American Ballet Theatre's Spring Gala at Cipriani 42nd Street was never going to be a quiet night. The black-tie event honored Katie Holmes — a committed ABT supporter — while previewing artistic director Susan Jaffe's reimagined Don Quixote ahead of its Metropolitan Opera House debut. The evening also landed on a milestone: the 20th anniversary of ABT's designation as America's National Ballet Company by an act of Congress, according to Vogue.
The room dressed accordingly. Jaffe's Don Q set the palette — pinks, reds, gilded warmth — and guests obliged. Author Sarah Hoover worked a voluminous color-blocked peony-and-fuchsia Carolina Herrera gown; Tina Leung moved through the room in a tiered balloon skirt by Alejandra Alonso Rojas that read pure Infanta. Iris Apatow and May Nivola arrived in Rodarte in what any dancer would clock instantly as theatrical pink and ballet pink.

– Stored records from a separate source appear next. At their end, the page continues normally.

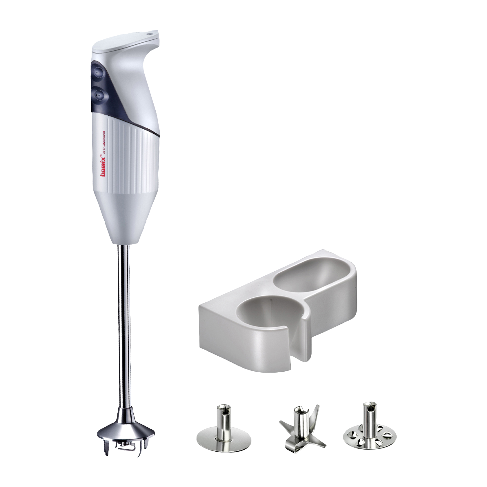 bamix® Gastro Pro-3-stavblender med en kraftig 350 watt motor, der sikrer pålidelig hjælp til selv de hårdeste opgaver i køkkenet. Stavblenderen har to hastighedsindstillinger, softgrip-sikkerhedsknap og en mixerdel på 39 cm, som kan komme under vand, hvilket gør stavblenderen perfekt til professionelle køkkener. Til produktet medfølger multifunktionskniv, blenderskive, piskeskive, vægholder samt en instruktionsmanual. Livstidsgaranti på motor.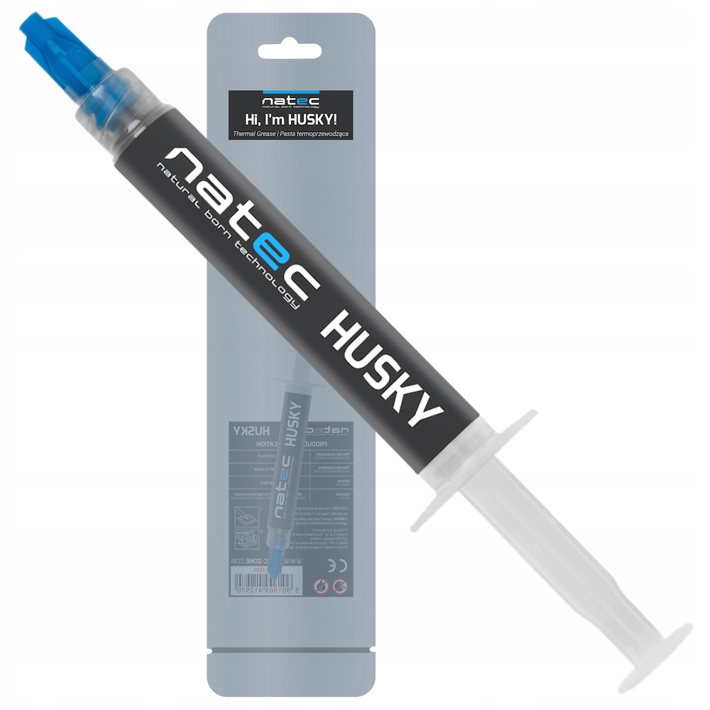 Natec Husky — теплопроводящая паста с высокими параметрами теплопроводности и низким термическим сопротивлением. Паста не проводит электричество, не подвержена коррозии и не подвержена коррозии. не требует периода отжига (оптимальная теплоотдача с первого цикла использования).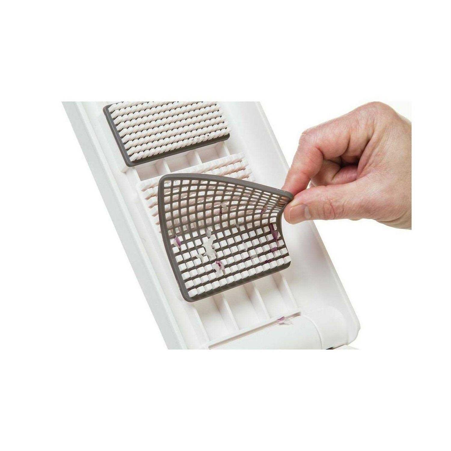 - Integrated cleaning grill and tool to remove excess food from the laminas and lid
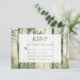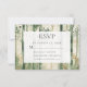 Este elegante e moderno cartão RSVP de casamento apresenta um fundo de paisagem da floresta de cor d'água rústica em tons de verde e ouro O texto personalizável da cinza de carvão aparece em uma tela branca retangular. A cena da floresta é repetida no verso da carta.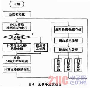 整個程序的編寫均由C語言完成,在程序設(shè)計(jì)中,采用了結(jié)構(gòu)化程序設(shè)計(jì)方法,使各個模塊程序相對獨(dú)立,便于程序代碼的維護(hù)、移植和升級。同時,這樣分離式的程序設(shè)計(jì),降低了代碼的調(diào)試難度,縮短了調(diào)試周期。將與接地故障信息(如母線電壓,母線絕緣電阻,支路絕緣電阻,接地支路號等)密切相關(guān)的數(shù)據(jù)放在一個結(jié)構(gòu)體里,便于掉電存儲與回放顯示。系統(tǒng)的主程序流程圖,如圖4所示。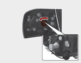 제동등/미등의 소켓을 시계 반대 방향으로 돌려 분리하십시오.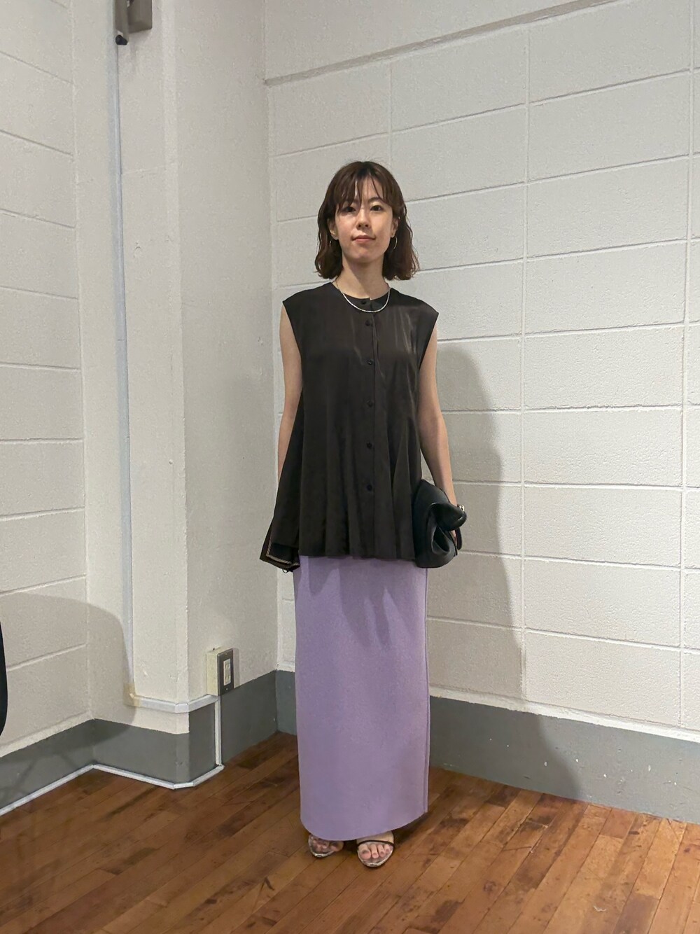 トレンドカラーの上品コーデ 今年トレンドのブラウンでコーデを組んでみました。 ブラウンは、合わせる色によっては秋冬っぽくなってしますのでパープルを合わせることで涼やかさを出しました。 *ブラウス Fサイズ フレアデザインですが、すとんとした落ち感のある生地で甘すぎなず上品さのあるブラウスです。 タックが入ったシルエットで自然なボリュームを出してくれるので痩せ型さんにもおすすめです◎ 広がりすぎない落ち感のある生地で動きやすさもあります◎ 薄手の生地なので裾をインしてジャケットを羽織っても使えます! *スカート FREEサイズ ニット素材のストレスフリーなスカート。 すとんと落ちるシルエットなので身体のラインを拾わず、細見えがかないます! 縦のラインが強調されて脚長効果もあります◎ いつものコーデが新鮮になるパープルなので、今年の秋冬にぜひ取り入れてみてください◎

Ivy Getty went sequined in sherbet-hued Rat & Boa. Zac Posen, Bach Mai, Michelle Ochs, and Monse's Fernando Garcia and Laura Kim all turned out — a front row fashion world offering its respects to the stage.
The Ballerinas, Off-Duty and Dressed for It
The company's own dancers traded their tutus for something more after-dark. Principal Isabella Boylston, due with her first child next month, wore a Buci black cutaway silk top and maxi skirt accessorized with Van Cleef & Arpels and Cartier jewels — "It's the only time I'm going to have my bump out at a gala," she said. Christine Shevchenko and Catherine Hurlin quick-changed post-performance into Monique Lhuillier feathers and sequins respectively; Chloe Misseldine shimmered in Akris. The men held their own: Luigi Crispino and Patrick Frenette in Giorgio Armani, Calvin Royal III — currently fronting Louis Vuitton's men's pre-fall 2026 campaign — in Issey Miyake, all three finished in LeVian diamonds.
Holmes herself leaned into an all-American edit: a white floral silk jacquard minidress layered over a coordinating balloon skirt by Ashlyn, diamond jewelry by Arielle Ratner, and Herbert Levine heels. Presenting her award — a Lladró porcelain ballerina — actor Alexander Hurt described how Holmes led movement warm-ups during their recent Hedda Gabler run in San Diego. "She makes people feel freer than they're used to feeling," he said. Holmes told Vogue that dance shaped her earliest relationship to performance: "Even a little expression of the arm can tell a whole story."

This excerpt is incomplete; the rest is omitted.